- Venue: University of Montréal
- Dates: 27–28 July 1976
- Competitors: 61 from 13 nations

Medalists
- 1st place, gold medalist(s):  / Yelena Novikova-Belova, Valentina Sidorova, Olga Knyazeva, Nailya Gilyazova, Valentina Nikonova / Soviet Union
- 2nd place, silver medalist(s):  / Brigitte Latrille-Gaudin, Brigitte Gapais-Dumont, Christine Muzio, Véronique Trinquet, Claudie Herbster-Josland / France
- 3rd place, bronze medalist(s):  / Ildikó Schwarczenberger-Tordasi, Ildikó Ságiné Ujlakyné Rejtő, Ildikó Farkasinszky-Bóbis, Magda Maros, Edit Kovács / Hungary

= Fencing at the 1976 Summer Olympics – Women's team foil =

Fencing at the Olympics

The women's team foil was one of eight fencing events on the fencing at the 1976 Summer Olympics programme. It was the fifth appearance of the event. The competition was held from 27 to 28 July 1976. 61 fencers from 13 nations competed.

==Rosters==

| Canada |
| * Fleurette Campeau * Susan Stewart * Donna Hennyey * Chantal Payer |
| Cuba |
| * Milady Tack-Fang * Marlene Font * Nancy Uranga * Margarita Rodríguez |
| France |
| * Brigitte Latrille-Gaudin * Brigitte Gapais-Dumont * Christine Muzio * Véronique Trinquet * Claudie Herbster-Josland |
| Great Britain |
| * Wendy Ager * Susan Wrigglesworth * Hilary Cawthorne * Clare Halsted * Sue Green |
| Hungary |
| * Ildikó Schwarczenberger-Tordasi * Ildikó Ságiné Ujlakyné Rejtő * Ildikó Farkasinszky-Bóbis * Magda Maros * Edit Kovács |
| Iran |
| * Mariam Atchak * Mahvash Shafaie * Jhila Al-Masi * Gitty Moheban |
| Italy |
| * Maria Consolata Collino * Giulia Lorenzoni * Doriana Pigliapoco * Susanna Batazzi * Carola Mangiarotti |
| Japan |
| * Hideko Oka * Mariko Yoshikawa * Hiroko Kamada * Yukari Kajihara |
| Poland |
| * Jolanta Bebel-Rzymowska * Barbara Wysoczańska * Kamilla Składanowska * Krystyna Machnicka-Urbańska * Grażyna Staszak-Makowska |
| Romania |
| * Ileana Gyulai-Drîmbă-Jenei * Marcela Moldovan-Zsak * Ecaterina Stahl-Iencic * Ana Derșidan-Ene-Pascu * Magdalena Bartoș |
| Soviet Union |
| * Yelena Novikova-Belova * Valentina Sidorova * Olga Knyazeva * Nailya Gilyazova * Valentina Nikonova |
| United States |
| * Nikki Franke * Sheila Armstrong * Ann O'Donnell * Gay D'Asaro * Denise O'Connor |
| West Germany |
| * Karin Rutz-Gießelmann * Cornelia Hanisch * Ute Kircheis-Wessel * Brigitte Oertel * Jutta Höhne |

== Results ==

=== Round 1 ===

==== Round 1 Pool A ====

Poland and the Soviet Union each defeated Canada, 9–7 and 14–2, respectively. The two victors then faced off. The Soviet Union won 9–2.

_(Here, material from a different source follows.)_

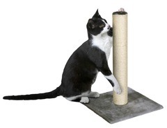 El poste rascador compacto con una placa base cuadrada permite a los gatos afilar sus garras. El tronco rascador está envuelto con una robusta cuerda de sisal. La placa base y la punta de la columna tienen bordes de felpa suave. Disponible en los colores gris y beige.

| Pos | Team | W | L | BW | BL | Qual. |  | URS | POL | CAN |
| 1 | Soviet Union | 2 | 0 | 23 | 4 | QQ |  |  | 9–2 | 14–2 |
| 2 | Poland | 1 | 1 | 11 | 16 |  | 2–9 |  | 9–7 |
| 3 | Canada | 0 | 2 | 9 | 23 |  |  | 2–14 | 7–9 |  |

==== Round 1 Pool B ====

Romania and France each defeated Cuba, 8–8 (66–60 touches advantage breaking the bouts tie) and 11–5, respectively. The two victors then faced each other for placement, with France winning 9–6.

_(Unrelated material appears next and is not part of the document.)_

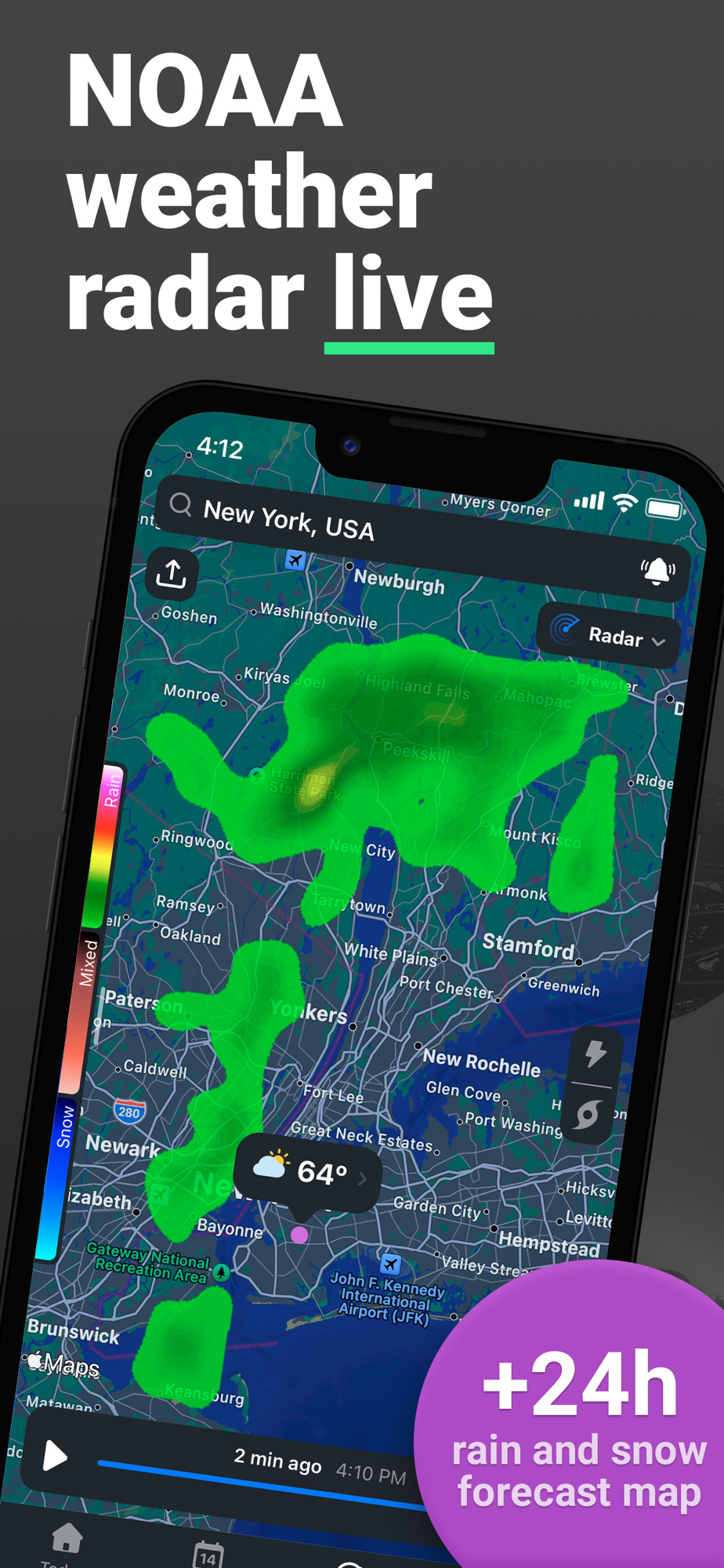 - Radar overlay shows the areas of rain, snow & mixed precipitation in high resolution and vivid colors right on the interactive map;

| Pos | Team | W | L | BW | BL | Qual. |  | FRA | ROU | CUB |
| 1 | France | 2 | 0 | 19 | 11 | QQ |  |  | 9–6 | 11–5 |
| 2 | Romania | 1 | 1 | 14 | 16 |  | 6–9 |  | 8.66–8.60 |
| 3 | Cuba | 0 | 2 | 13 | 19 |  |  | 8.60–8.66 | 14–2 |  |

==== Round 1 Pool C ====

West Germany and Hungary each defeated Japan, 10–6 and 12–4, respectively. The two victors then faced each other for placement, with Hungary winning 8–6 (after 14 bouts, Hungary had a 60–49 touches advantage, so West Germany would still lose the tie-breaker even if it won the final 2 bouts 5–0 each time).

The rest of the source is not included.